### WHAT YOU NEED TO DO
Return, exactly as written, the lines of the material from its top through the line with "УФА, 20 ноя", keeping pictures out.

### DATA SEGMENT

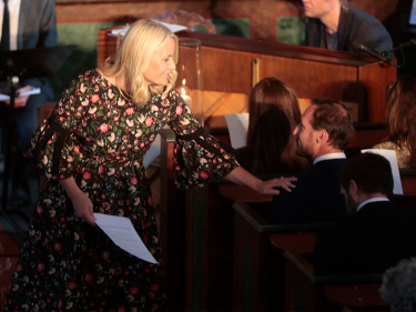 Det var salmene "Vi rekker våre hender frem" og "Noen må våke" som salmene under bryllupet, og Hans Kongelige Høyhet Kronprinsen var også til stede i kirken i går kveld.
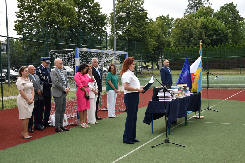 Pani Dyrektor Jolanta Babik serdecznie pogratulowała najlepszym uczniom bardzo dobrych wyników w nauce i wręczyła świadectwa z wyróżnieniem oraz nagrody. Podziękowania skierowała także do nauczycieli i pracowników za oddaną pracę, do Rady Rodziców za wsparcie w działaniach oraz do organu prowadzącego szkołę za dobrą współpracę w mijającym roku szkolnym.
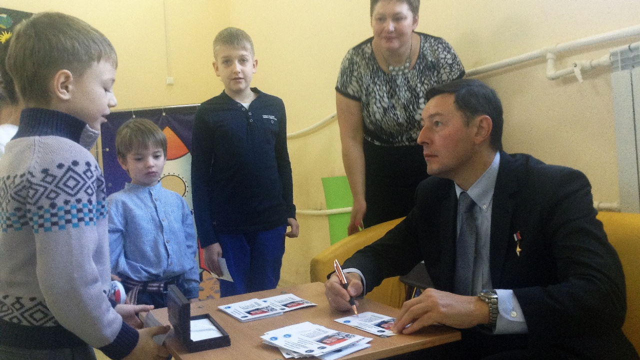 УФА, 20 ноя 2015. /ИА «Башинформ», Артур Басыров/. Посетивший Уфу летчик-космонавт Сергей Ревин встретился с воспитанниками детского развивающего центра «Я — гений». Юные дарования смогли пообщаться с гостем, задать интересующие вопросы, взять автограф и сфотографироваться.
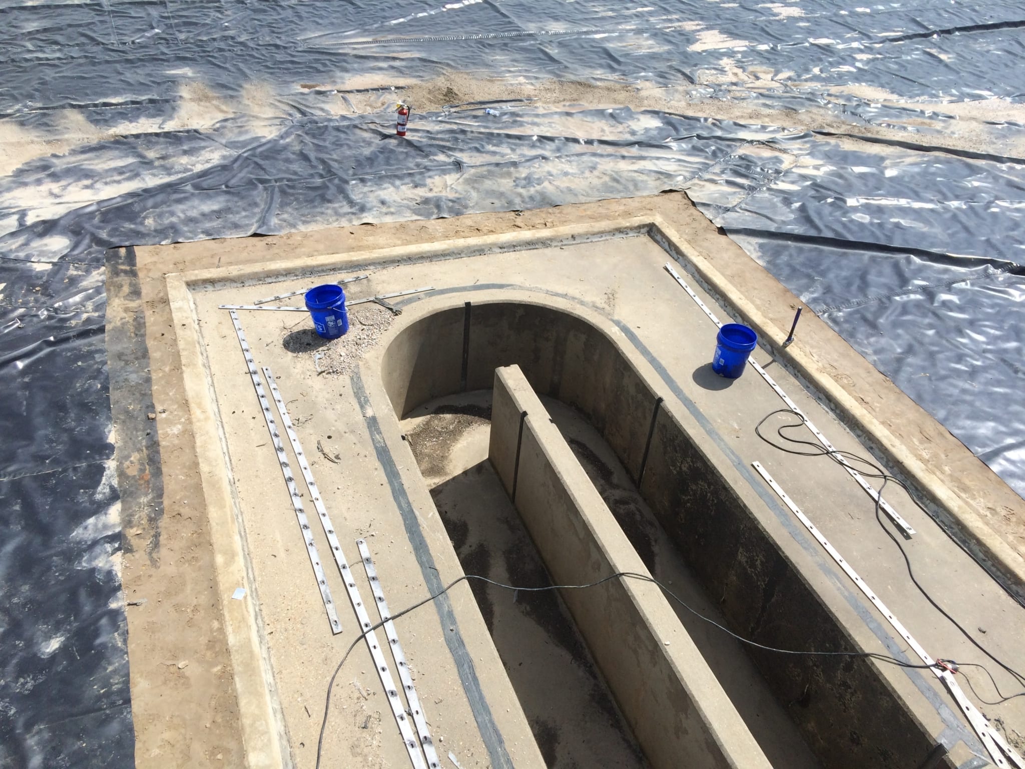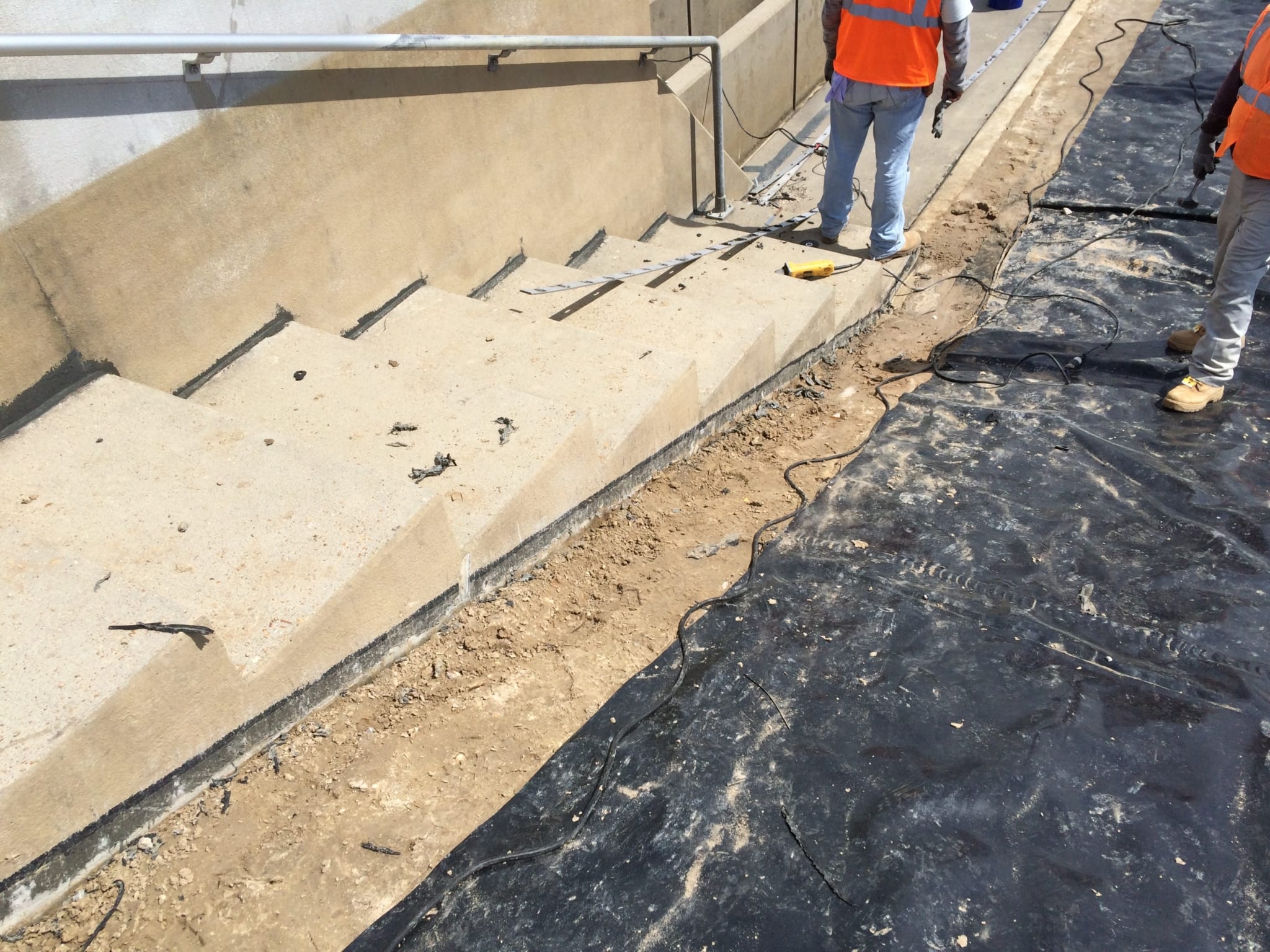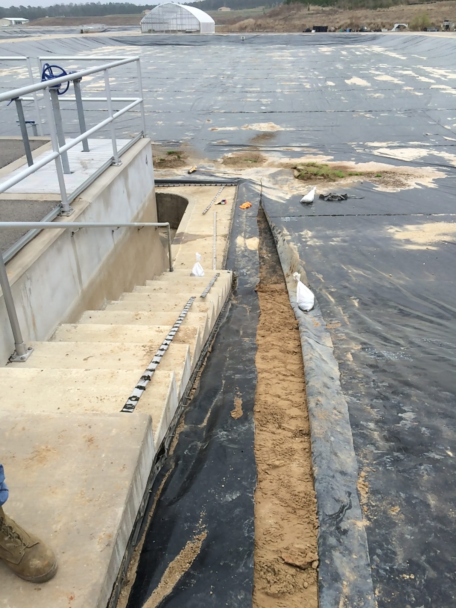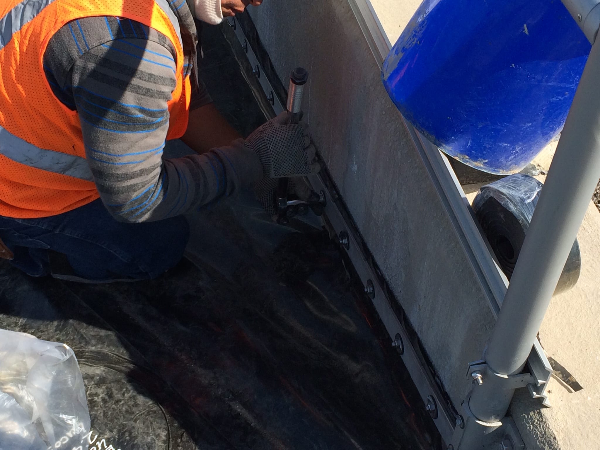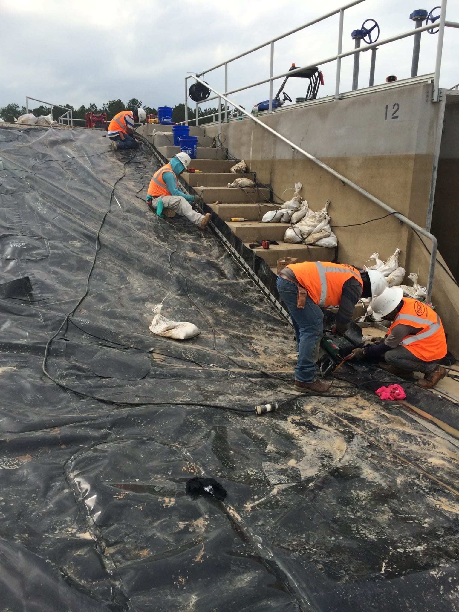 COMANCO has begun repair work at a fish hatchery in Texas. COMANCO is removing the existing batten bar, cutting off the existing bolts, and then shifting the location of the bar before reinstalling it using all new wedge anchors. The repair process also includes installing a new 40mil LLDPE prefabricated liner apron around each kettle, and welding it to the existing pond liner. COMANCO will spend the next several weeks repairing 58 kettles, which includes 7500 linear feet of batten bar. The crew led by Superintendent Jorge Barrantes is focused on quality, ensuring every bolt installed properly, and is torqued the same amount using a torque wrench.

### COMPLETED EXERCISE
 Det var salmene "Vi rekker våre hender frem" og "Noen må våke" som salmene under bryllupet, og Hans Kongelige Høyhet Kronprinsen var også til stede i kirken i går kveld.
 Pani Dyrektor Jolanta Babik serdecznie pogratulowała najlepszym uczniom bardzo dobrych wyników w nauce i wręczyła świadectwa z wyróżnieniem oraz nagrody. Podziękowania skierowała także do nauczycieli i pracowników za oddaną pracę, do Rady Rodziców za wsparcie w działaniach oraz do organu prowadzącego szkołę za dobrą współpracę w mijającym roku szkolnym.
 УФА, 20 ноя 2015. /ИА «Башинформ», Артур Басыров/. Посетивший Уфу летчик-космонавт Сергей Ревин встретился с воспитанниками детского развивающего центра «Я — гений». Юные дарования смогли пообщаться с гостем, задать интересующие вопросы, взять автограф и сфотографироваться.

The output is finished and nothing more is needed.